Website blocking is without a doubt one of the favorite anti-piracy tools of the entertainment industries.

The UK has been a leader on this front. Since 2011, the High Court has ordered ISPs to block access to many popular pirate sites.

Over time the number of blocked URLs in the UK has grown steadily to well over 1,000. This includes many popular torrent, streaming, and direct download sites, which remain barred today.

We have covered these efforts extensively here at TorrentFreak. However, since late 2016 something appears to have changed. The movie industry’s MPA(A) and the music industry’s BPI suddenly stopped submitting new requests.

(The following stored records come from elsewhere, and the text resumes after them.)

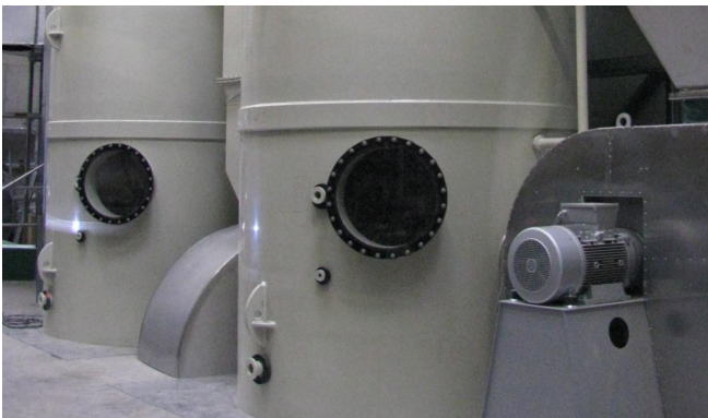
Chemical scrubbers (acidic & caustic)

The sewage sludge, dried to 90 % dry residue and crushed to 1 - 4 mm in a roller mill, is stored in a 150 m 3 silo and utilized as a fuel substitute (calorific value similar to lignite) in a regional cement factory.
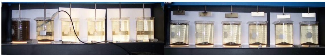
Figure 4: Jar tests on the Macalister River water Licola.

In jar tests of the water, up to 10% was observed as settled sludge, a percentage that the plants existing configuration could not maintain through an extended dirty water event. Ultimately several submersible pumps were placed in the clarifier and programmed to periodically extract sludge, the key selection criteria becoming head pressure capacity.
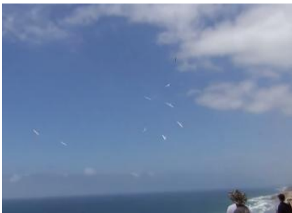
Ka-8 Foam Overcast Check the video at: https://www.youtube.com/watch?t=159&v=d7yyCnsdQMk
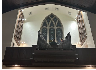
Organ loft of St. Paul's Episcopal Church.
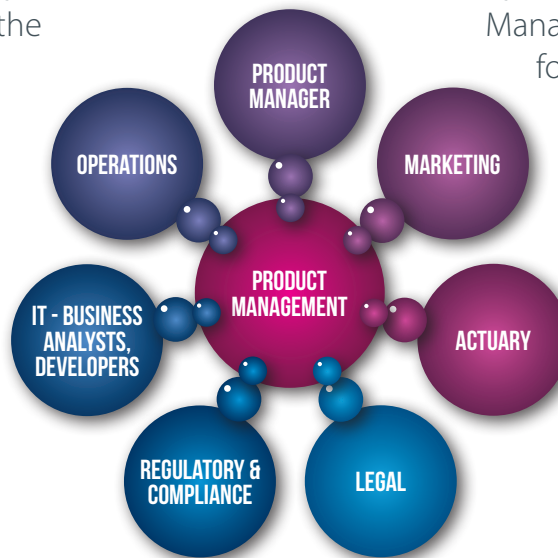
fig 1. PLM Interested Parties

PMW significantly benefits the Product Management Community and its formal approach to describe the product ensures that it can be consumed by IT.
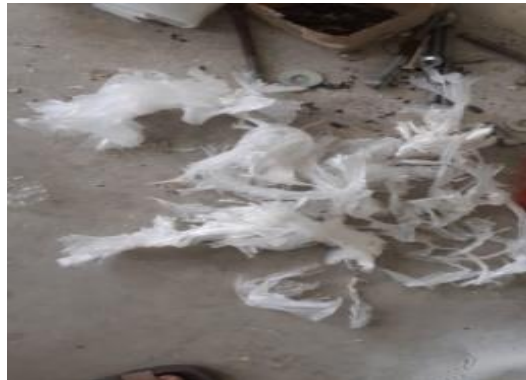
Figure 1. HDPE

The results above are the results of testing each chopping. Here are the chopped results for each type of plastic with different variations, as shown in Figure 1-3.
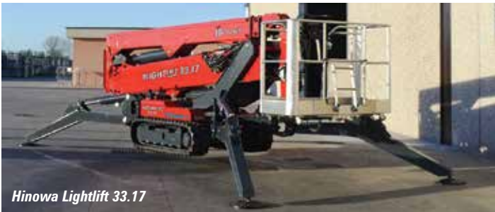
Hinowa Lightlift 33.17
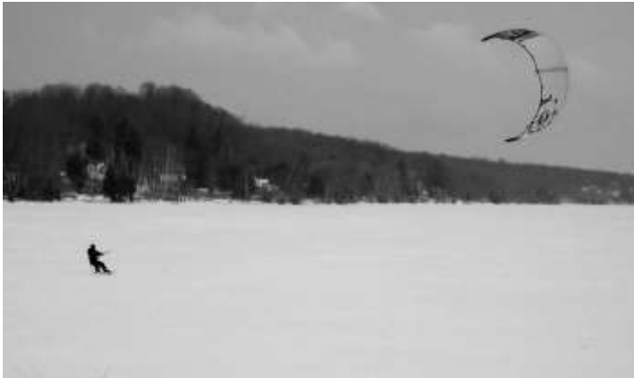
Earlier this winter, thick ice and wind were a source of entertainment for this kite boarder.

Cross Connection Prevention Program The Village of Beulah Winter 2015 Newsletter contained a brochure that explained water cross connection and the potential danger it creates for village drinking water . If you didn’t get the flyer, copies available at the Village Office. The Cross Connection Inspection Program, a requirement of the Michigan Department of Environmental Equality (DEQ), is an ongoing program throughout the State of Michigan. Each Village water customer will receive a notice requesting a time when the Village crew can perform a brief plumbing inspection to determine if a potential cross connection hazard exists. Should a potential hazard exist, a recommendation will be made to correct it. For the safety of all Village residents’ drinking water, your cooperation is needed. Thank you! Dan Smith, Sewer/Water
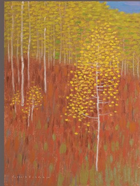
Aspen Saplings in Autumn Morning Colors, 8 x 6, oil
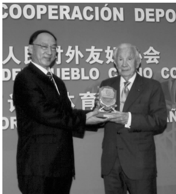
Liu Peng, president of the Chinese Olympic Committee (COC) and director of the General Administration of Sport, presenting the Decoration of Supreme Honour of the COC to J. A. Samaranch, honorary life president of the International Olympic Committee

Liu Peng, president of the Chinese Olympic Committee, presented to Honorary IOC President Samaranch a Decoration of Supreme Honour of the COC, the first medal ever awarded by the COC, to express heartfelt gratitude to and high respect for him. Samaranch has been concerned for and supports the development of sports in China. He has played a major role in China's return to the Olympic family and made great contributions to China-Spain sports cooperation. CSF Chinese Committee Chairman Hu Qili said in his opening speech: "Mr. Samaranch has a heart of gold and a friendship deep as the sea for the Chinese people. His words, his deeds and his moral integrity are the
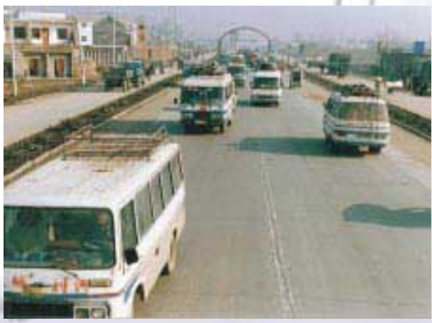
National Highway 311 (Henan Province Yong Cheng City) 國道 311(河南省永城市)
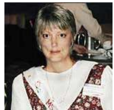
Facial weakness can make it hard to use a straw or even smile.

Of somewhat more concern is the weakness in the eye muscles, which can keep the eyes from closing completely during the night. As the disease progresses, the eyes can sometimes dry out overnight, which can injure them. Waking up in the morning with gritty, burning or dry eyes may be a sign that eye closure isn't complete. Wearing an eye shield or patching the eyes during sleep may be necessary.
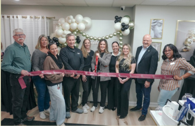
03.03.26 - Midwest Medical Weight Loss & Aesthetics Ribbon Cutting (Orland Park)
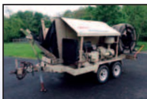
05 FINN BB302

1998 VERMEER BC1230A Chipper , s/n 1VRN15173W1002100, Perkins dsl, 12" capacity disc chipper, Auto Feed II feed system, pintle tow, and electric brakes. In very good condition with very good tires. (236 Original Hours) (Spare Set of Knives)
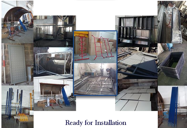
Ready for Installation
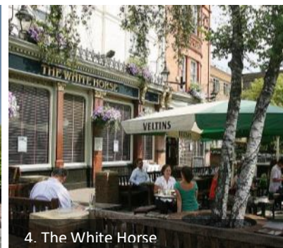
4. The White Horse
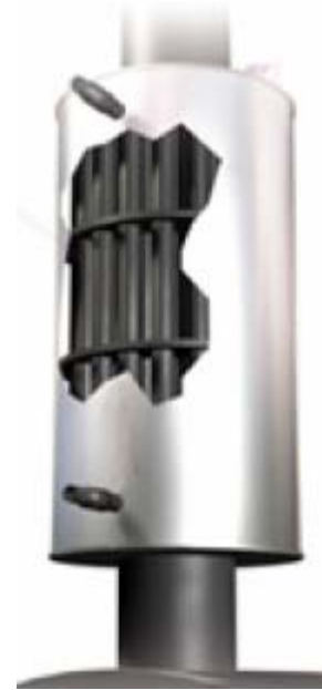
XID firetube type

The latest regular blocking order dates back nearly three years. While the Premier League did request some “dynamic” blockades of streaming related IP-addresses more recently, there have been no new efforts targeting traditional pirate sites.

This lack of new blocking requests is striking, especially since the UK model is often used as a prime example of anti-piracy enforcement around the world. Just a few months ago, MPAA and RIAA argued that it should become part of a possible US-UK trade deal.

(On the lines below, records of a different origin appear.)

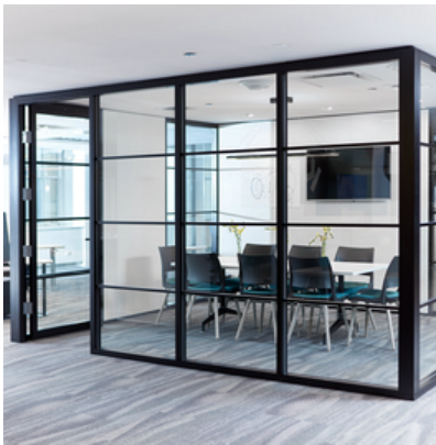
GENIUS ARCHITECTURAL WALL
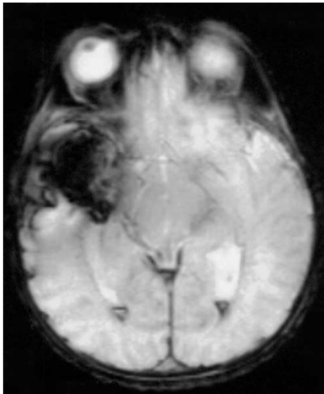
Figure 2. Gradient echo sequence of cranial MRI demonstrating right temporal lobe hemorrhage.

presenting with recurrent apnea. Conversely, because apnea is such a common event in premature neonates and usually a consequence of associated comorbidities of prematurity or a function of an immature respiratory drive, routine electroencephalographic monitoring of isolated apneic spells is not indicated in this population. 14 Although apneic seizures are commonly associated with other seizure types (e.g., clonic, tonic, hemiconvulsive) or with subtle clinical phenomena (e.g., eye opening, staring, eye movements, mouth movements), the absence of such associated phenomena should not dissuade the clinician from pursuing polygraphic monitoring with EEG. Furthermore, the suspicion of apneic seizures should be heightened in any full-term neonate when other causes of apnea (e.g. gastroesophageal reflux, pulmonary disease, cardiac arrhythmias) have been excluded. Thus, in the full-term neonate, apneic spells
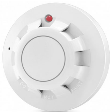
Fig. 1 – Smoke detector [9]

entering the evaluation chamber. The detector reacts to smoke by lighting the LED and switching the relay. Smoke is only detected if it "hits" the sensor directly. The alarm will end only after the detection space in the smoke sensor has been "cleaned".
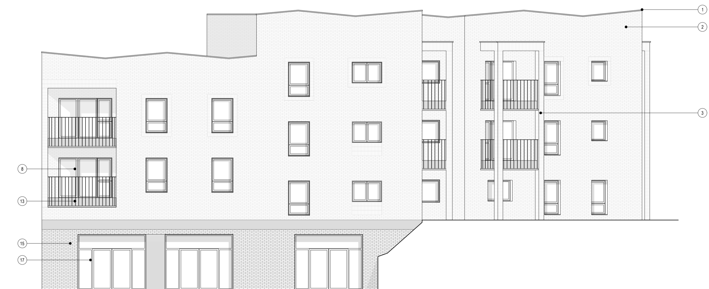
Elevation 3 | South Elevation 1:100
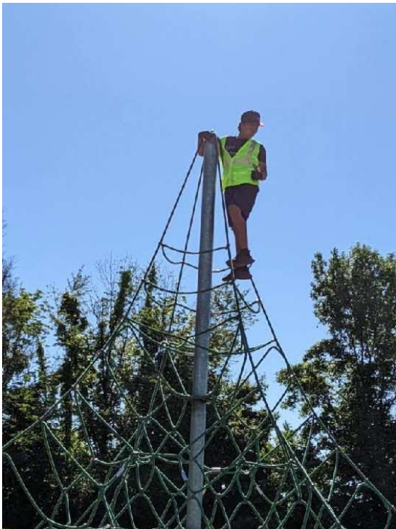
Believe it or not there's trash up here
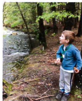
Sustaining Nature for the Next Generation

Sustainers provide critical leadership support needed to sustain our mission to conserve, steward, access and enjoy local lands and clean water for the benefit of current and future generations.
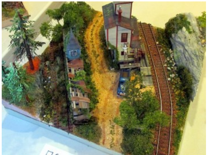
Bill Holst's Untitled
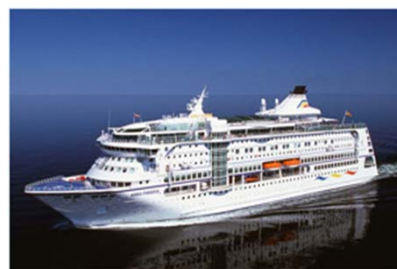
Birka Cruises, Stockholm, Sweden

ENJOY IT, EXPERIENCE IT! ENJOY IT, EXPERIENCE IT!
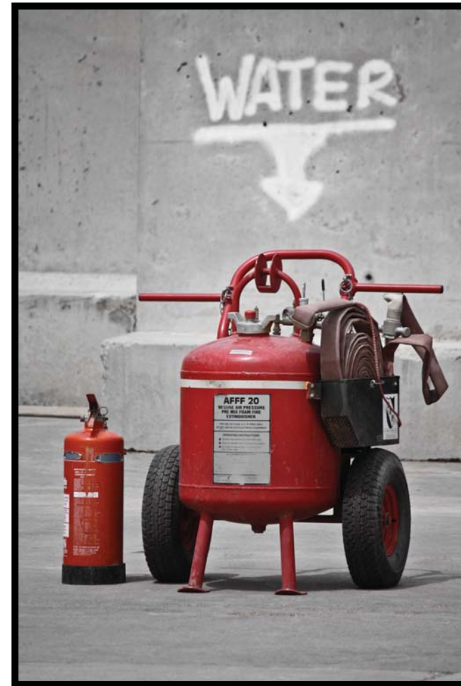
(LEFT) A EUROPEAN MADE FIRE EXTINGUISHER LEFT BY BRITISH AIRMEN IN FRONT OF A EMPTY WATER POINT AT THE BASRA FORWARD ARMING AND REFUELING POINT. (BELOW) M240D MACHINE GUN SHELLS KICKED OUT OF A UH-60 BLACK HAWK HELICOPTER AFTER A WEAPONS FUNCTION TEST. THE M240D IS AN AIRCRAFT CONFIGURED VERSION OF THE M240B USED BY THE U.S. ARMY AND MARINE CORPS. BOTH WEAPONS FIRE 7.62MM ROUNDS.

"Website blocking has been successful in the United Kingdom with 63 music sites being ordered to be blocked following music right holders' initiatives. On average this produces a reduction in the use of those sites by UK users by approximately 75 percent," the RIAA said at the time.

Despite this effectiveness, UK piracy site-blocking efforts have been rather stagnant. While older court order are sill updated with new domain names, no new sites have been targeted by the MPA(A) and BPI in years. As such, new pirate sites can flourish.

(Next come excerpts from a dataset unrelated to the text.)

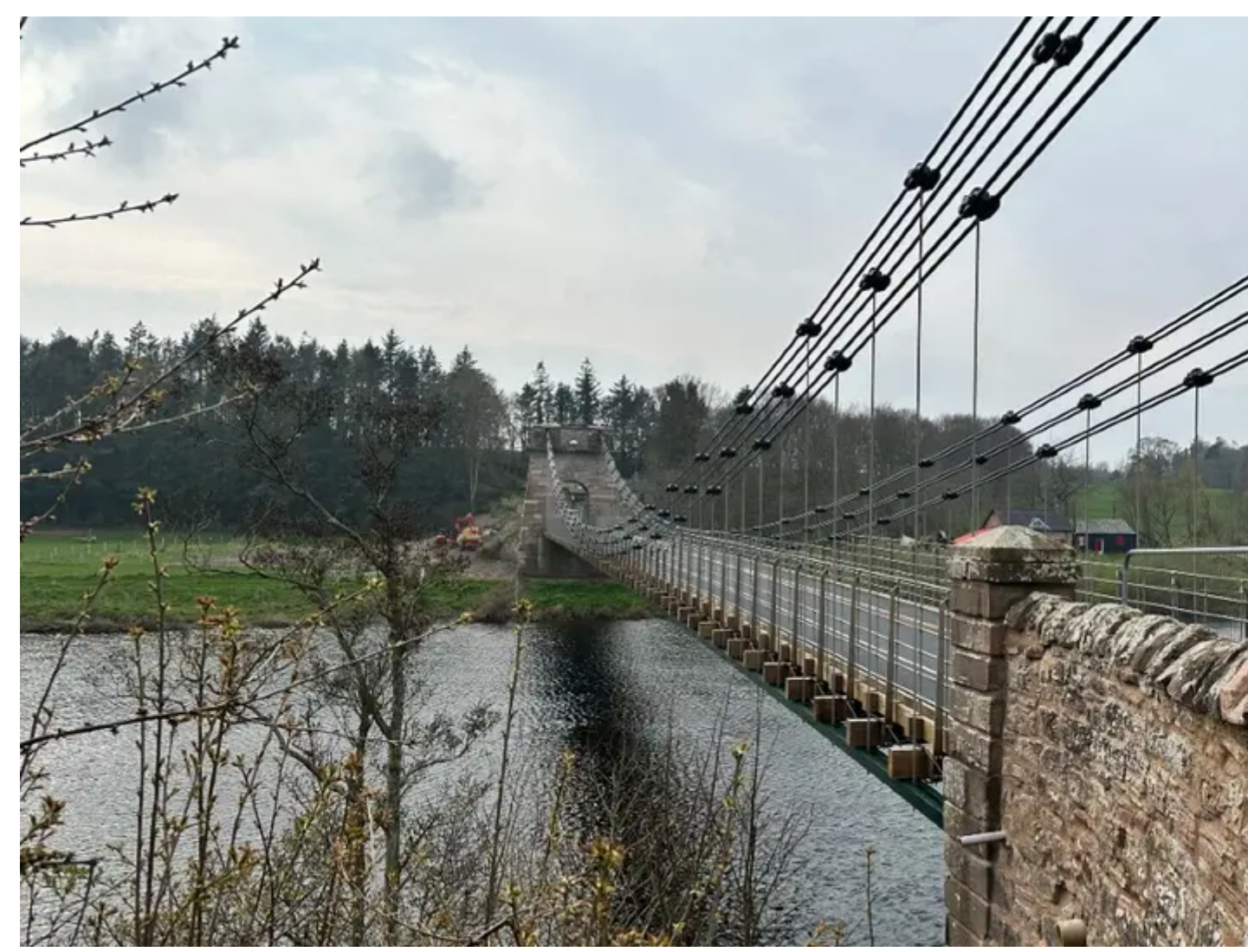
The Union Chain Bridge.

The restoration work has combined the traditional workmanship used when the bridge was first built with state of the art technical engineering and techniques used in Alpine ski resorts. The innovative ski-lift technology will help to ensure that the bridge will continue to be a standout heritage landmark for years to come.
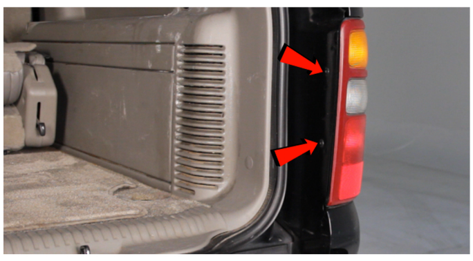
2) Remove [2x] Phillips Bolts securing the tail light.
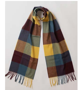
WWS778/004 Bazaar Storm

90% merino lambswool / 10% cashmere ~ 30cm x 200cm, including purled fringe
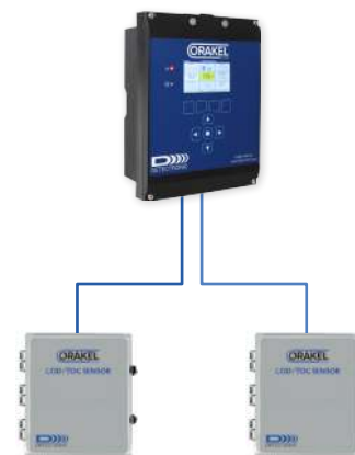
Multiple sensors on a single analyser
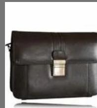
OB0004 Office Bags
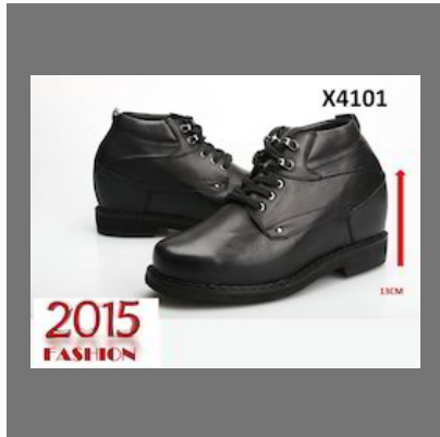
13cm Extra Height Increasing Elevator Shoes
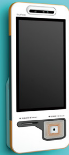
VESA standard wall mount
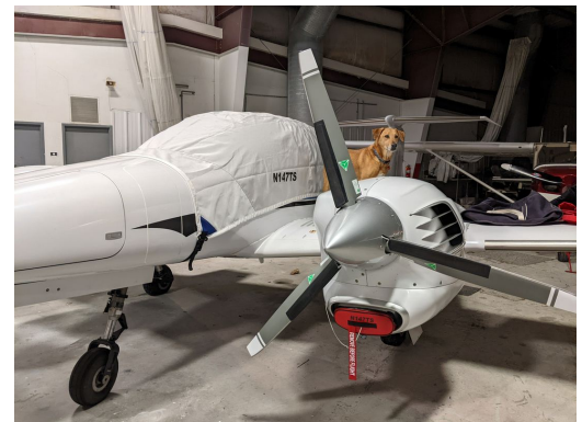
Diamond DA-42 NG Canopy Cover, Engine Plugs
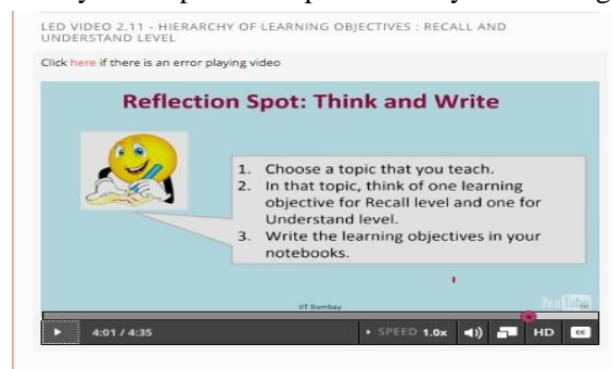
Figure 1. Reflection Spot in an LeD Video

Each week will contain a set of Learning Dialogue (LeD) videos to provide information to the participants about the concepts being discussed in the respective week. The LeD videos have 'pause points' (Reflection Spot) within it that required participants to pause the video and think about a question posed at that moment (See fig below). The participants can write the answer in their own notebooks/text document, but they are expected to proceed only after doing this reflection.

TorrentFreak reached out to the MPA and BPI for a comment on this apparent slowdown. Neither organization gave a concrete reason for the absence of recent applications.

MPA informed TorrentFreak that it will continue to use a range of different methods for its enforcement efforts around the world. That includes working with local enforcement agencies to refer criminal cases, offering consumers new and innovative ways to access content, as well as seeking court orders to block access to pirate sites.

“The MPA will continue to use this range of methods as appropriate in the UK as we do around the world. Ensuring that filmmakers everywhere are compensated for their work and that revenues can be reinvested in new productions continues to be the number one priority for the MPA,” the group said.

BPI also stressed that site-blocking remains part of its anti-piracy toolbox.

"There are a very wide range of effective and complementary tools we use to reduce music piracy – site blocking is just a part of these,” a BPI spokesperson told us.

BPI’s other tools include delisting infringing URLs from search engines, site demotion under the search engine Voluntary Code of Practice, direct litigation against sites, criminal investigations, disrupting money flows to pirate sites, anti-piracy partnerships with online platforms, and consumer education.

The music group didn’t provide any details that explain why no new blocking orders were requested in recent years. However, it suggests that other tools are more appropriate at the current time.

"The mix of techniques we use varies over time and reflects the most appropriate strategy for dealing with a given problem at a given time,” the BPI spokesperson says.

“Having obtained High Court orders to block many of the major pirate brands, over the last few years other approaches have been effective to continue the reduction in music piracy. However, website blocking remains part of the mix and we will continue to use it in appropriate cases."

The question remains why site blocking is seen as less appropriate. Perhaps the rightsholders feel that requesting additional blockades is not worth the resources, compared to other anti-piracy initiatives.

Part of the reason may be that the blocking orders can be quite expensive. Previously, it was estimated that  an unopposed application for a section 97A blocking order is roughly £14,000 per website, while maintaining it costs an additional £3,600 per year.

With well over a hundred sites blocked, the costs are quite significant, to say the least.

While there haven’t been any new requests, the previously ordered blockades are still in place, of course. That being said, we have to note that these are not effective everywhere. When we tried to access The Pirate Bay on a Virgin connection this week, it was freely accessible.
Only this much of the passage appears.